Simple Changes to Keep Our Heart Healthy
Get fit and reduce heart problems
There are around 7.6 million people living with a heart or circulatory disease in the UK, 4 million men and 3.6 million women.
There are simple changes we can make to our lives that can help keep ourselves and our heart healthy.
One of these changes is taking part in regular, daily physical activity as it can lower the risk of heart disease and helps control your weight. Regular exercise also helps keep arteries and other blood vessels flexible, ensuring good blood flow and normal blood pressure. Reducing the chances of developing other conditions that put a strain on the heart, such as high blood pressure, high cholesterol and type 2 diabetes.
Aerobic exercise and resistance training are most important for heart health. As inactive people are nearly twice as likely to develop heart disease as people who are physically active.

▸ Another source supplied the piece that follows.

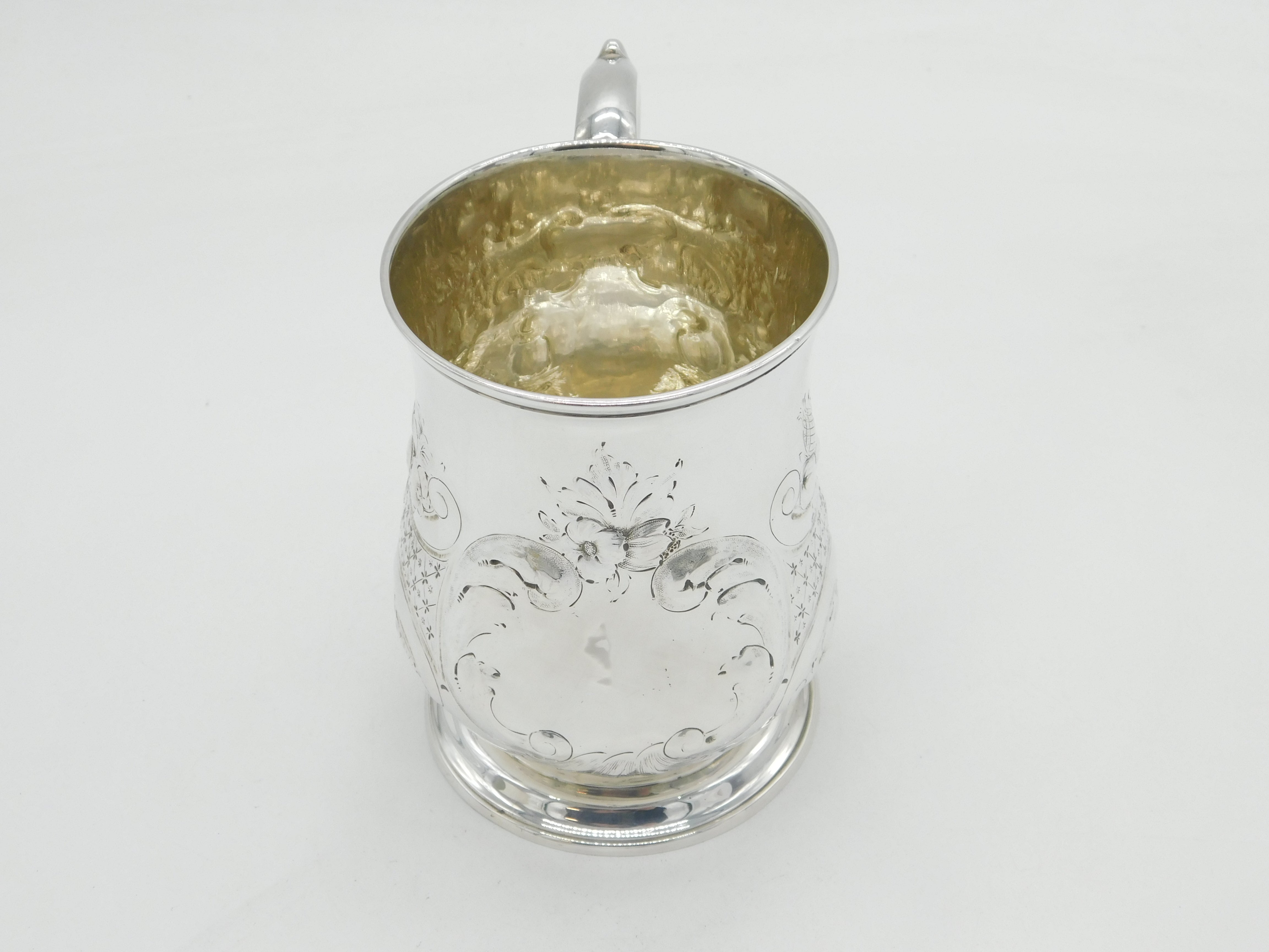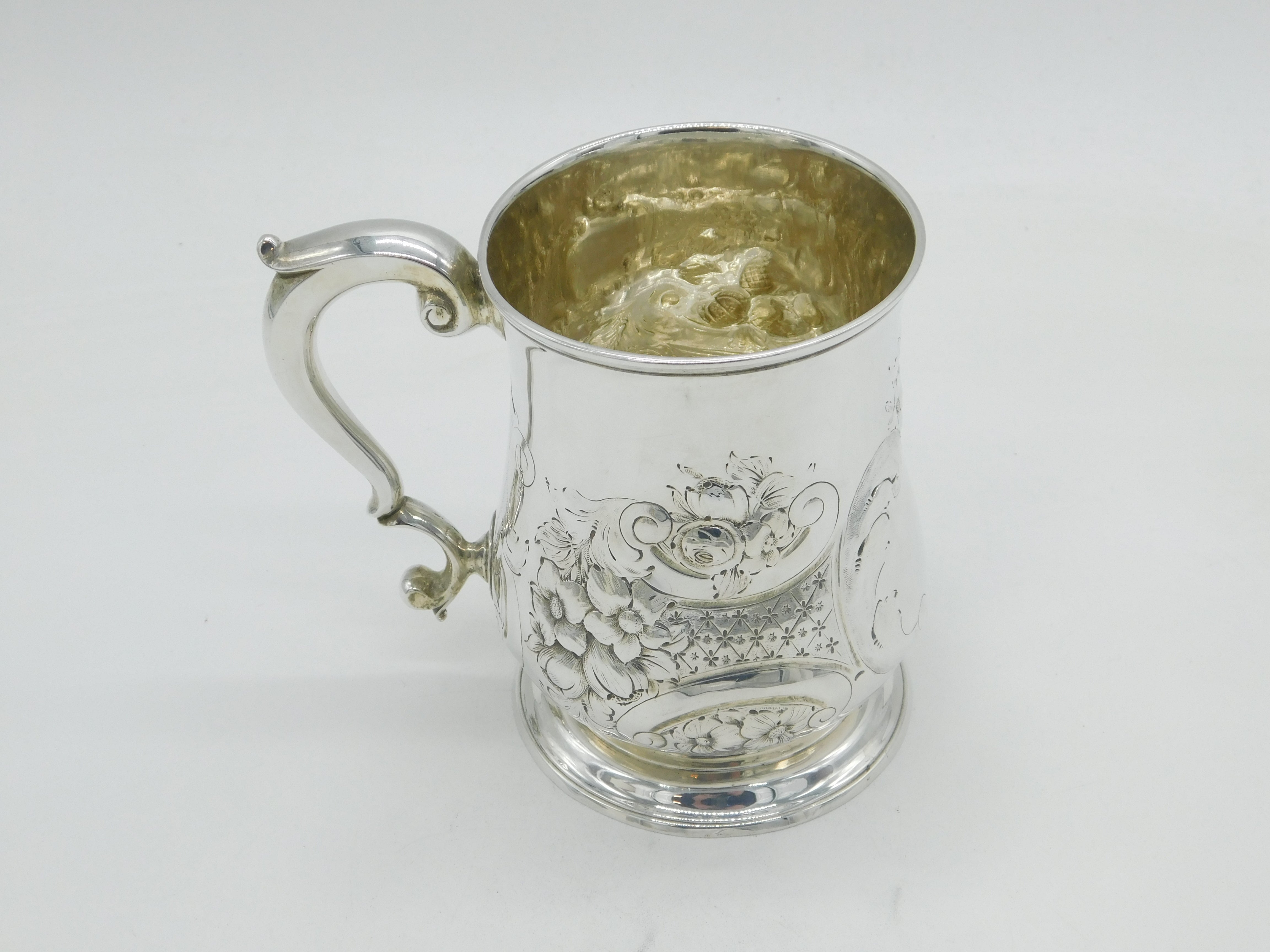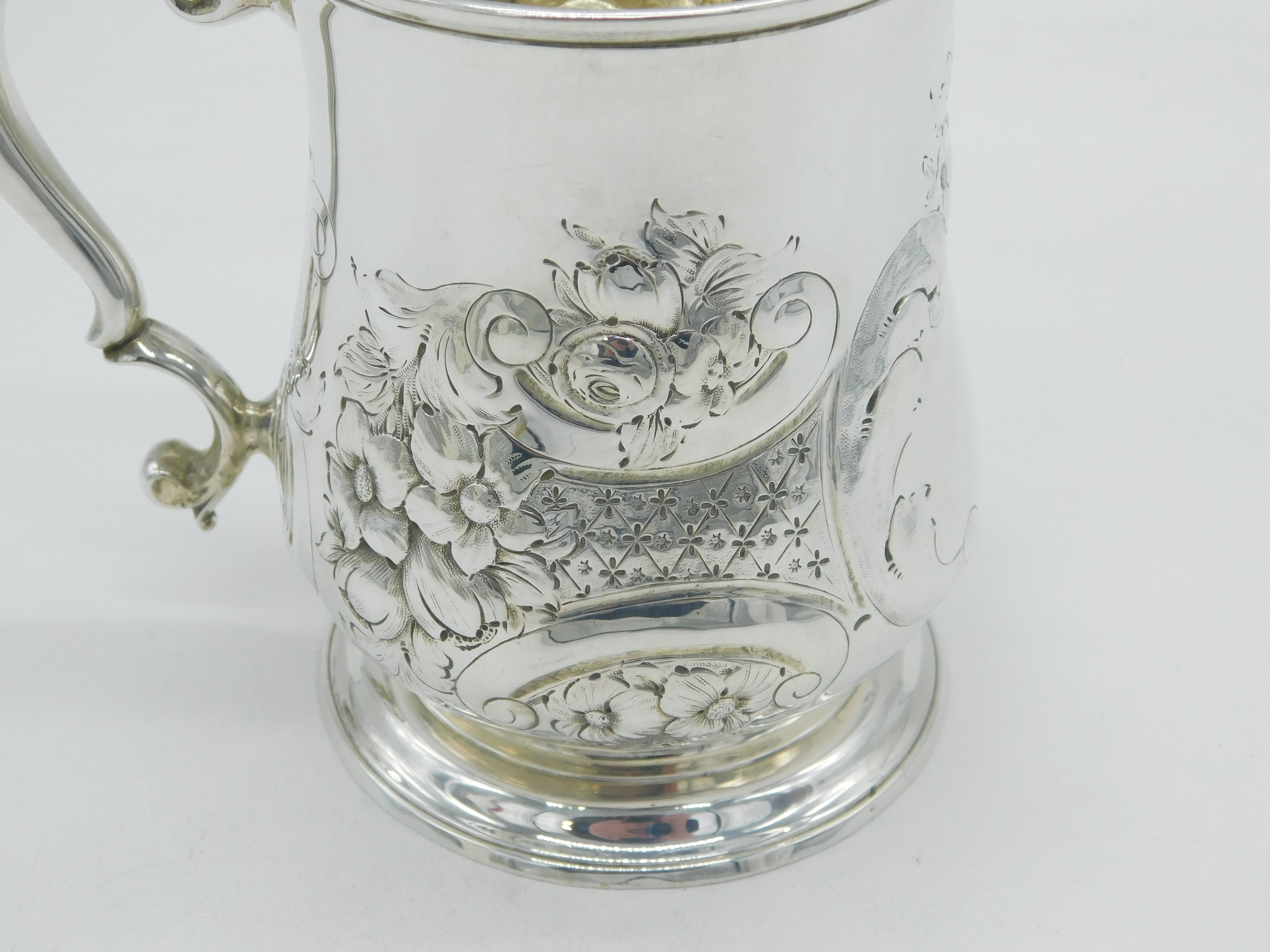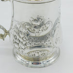 George II Sterling Silver Floral Embossed Pint Tankard Antique 1741 London

Seven out of ten heart disease deaths are caused by a patient’s poor diet alone, so let’s talk diet
When it comes to eating make sure you eat healthy fats, not trans fats. We need fats in our diet, including saturated and polyunsaturated and unsaturated fats. One fat we don’t need is trans fat, which is knowing to increase your risk of developing heart disease or having a stroke over a lifetime. This is because trans fats clog your arteries by raising your bad cholesterol levels (LDL) and lowering your good cholesterol levels (HDL).
What foods should you eat to keep your heart healthy?

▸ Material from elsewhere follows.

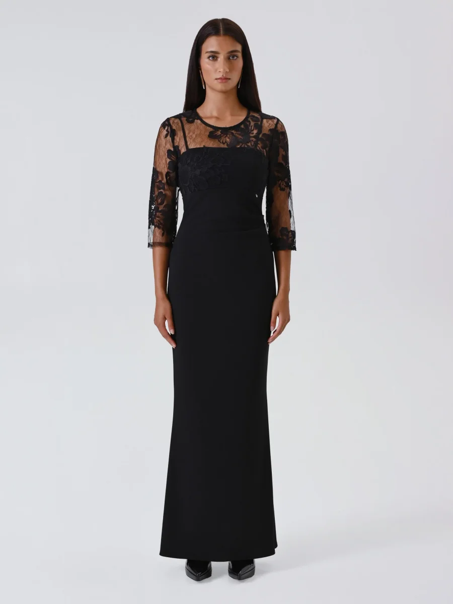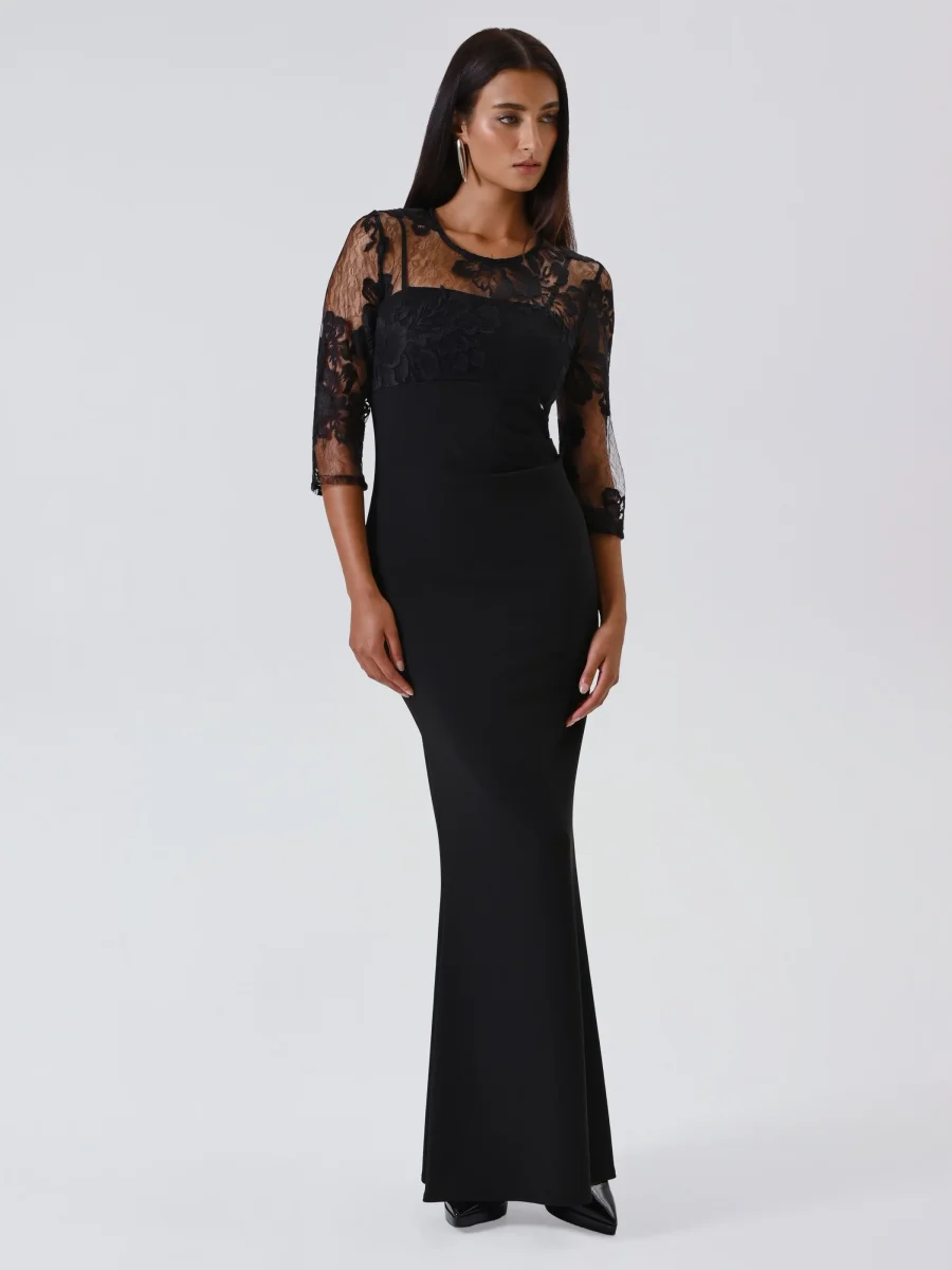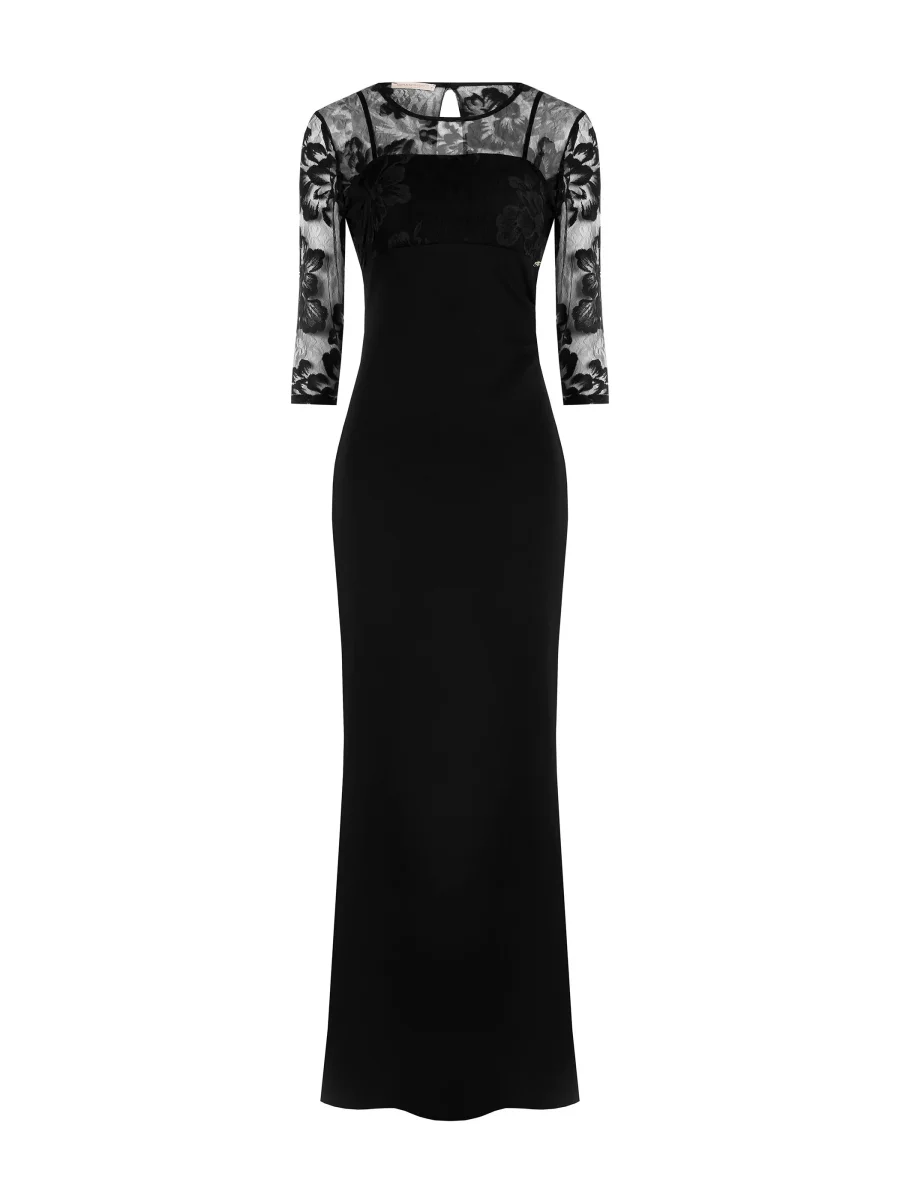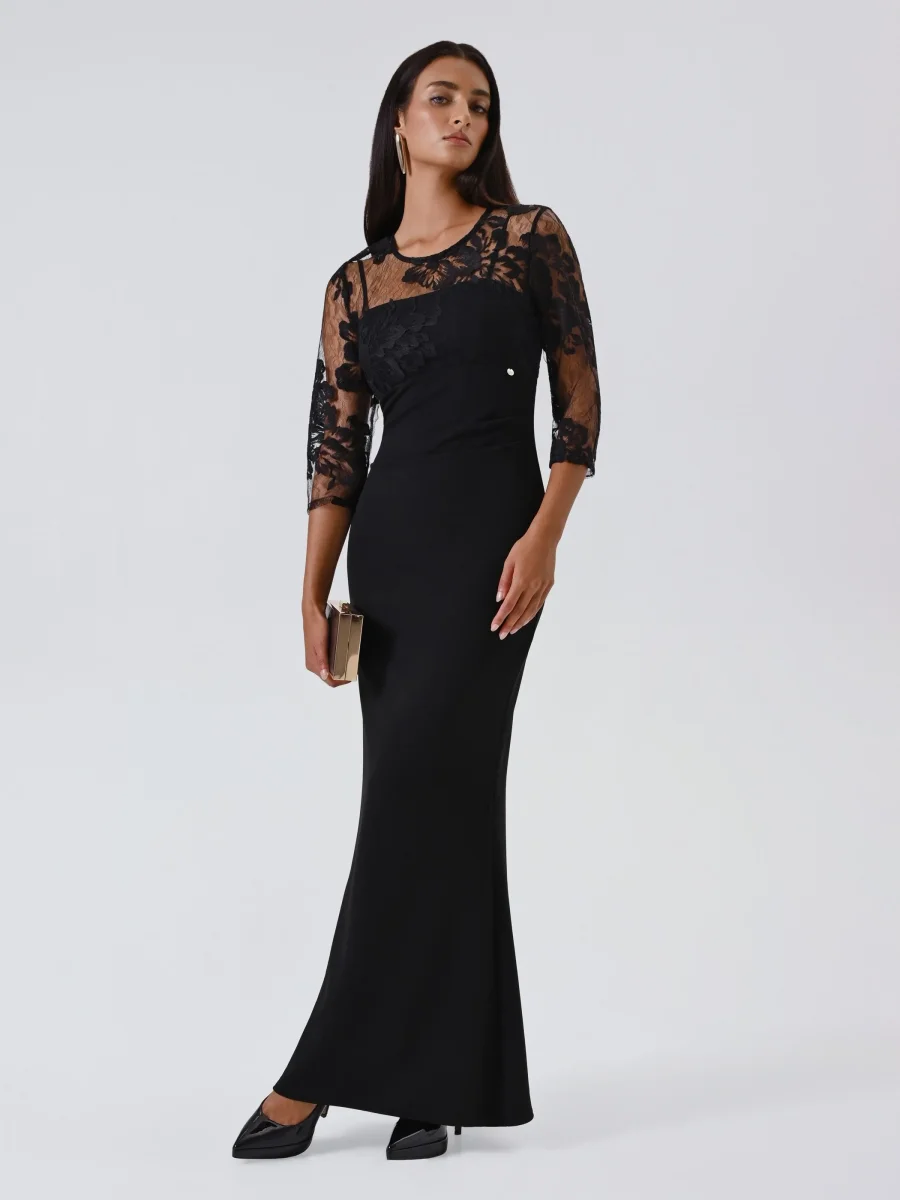 Realizzato in scuba crepe con una raffinata blusa in pizzo rebrodé che sormonta l’abito con spalline sottili, unisce comfort e stile in un’unica soluzione. La chiusura con zip posteriore e piccolo bottoncino assicura praticità e una vestibilità impeccabile, mentre il contrasto tra il tessuto fluido e la leggerezza del pizzo crea un effetto visivo armonioso e di grande impatto.

Consuming calcium rich foods such as dairy, tofu, leafy greens and tahini can all support heart health as calcium helps to lower blood pressure. Pulses and whole-grains are a good source of magnesium, which helps to relax blood vessels while the fibre they supply manages cholesterol levels. You should ensure you are eating fruit and vegetables as they are packed with potassium which can help manage blood pressure, as well as protective antioxidants, which help minimise damage to your arteries. Eating too much salt can lead to high blood pressure a risk factor for heart disease.

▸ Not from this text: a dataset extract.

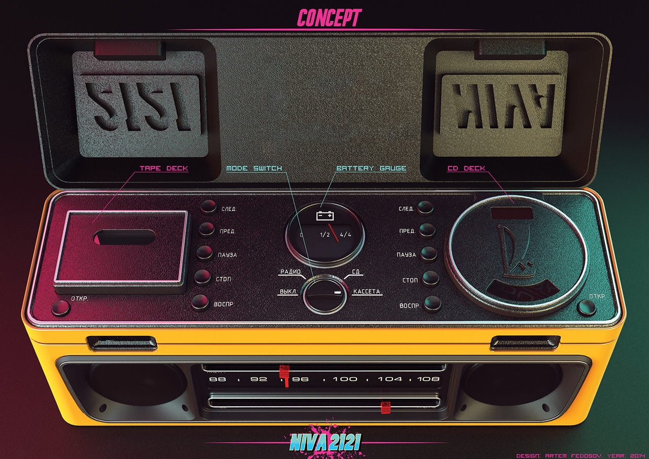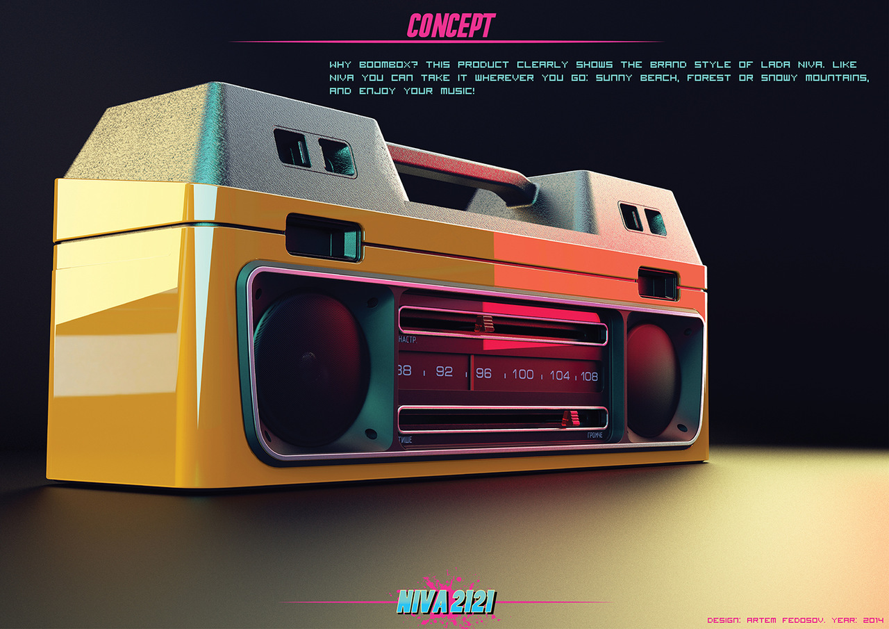 Продуктовый дизайнер Артем Федосов на своей странице на портале Behance опубликовал скрины дизайн-проекта невероятно стильного бумбокса, созданного по мотивам передней части легендарного ВАЗ-2121 Нива. Собственно, он так и называется - NIVA BOOMBOX.
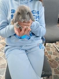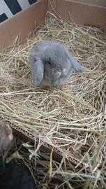 Disponibili cuccioli di conigli ariete nano minilop color blu di Vienna. I coniglietti sono molto socievoli abituati al contatto umano alla lettiera e già svezzati. Arriveranno ad un peso di 1,5 kg e al momento del ritiro vi verrà offerto un kit di mangime e fieno per i primi giorni. Per info contattare Raffaella 3668988544

Limiting salt (sodium) is an important part of a heart-healthy diet. Adults should not eat more than 6g of salt a day (2.4g sodium)Increase plant sources of protein and start reducing your intake of animal protein. Eating more beef, pork, chicken with skin, whole milk, cheeses and dairy products means more intake of high amounts of cholesterol and saturated fat, both of which contribute to weight gain and increased risk of heart disease. So overall having a range of healthy foods will decrease your risk of heart disease and ensure you feel great all year round.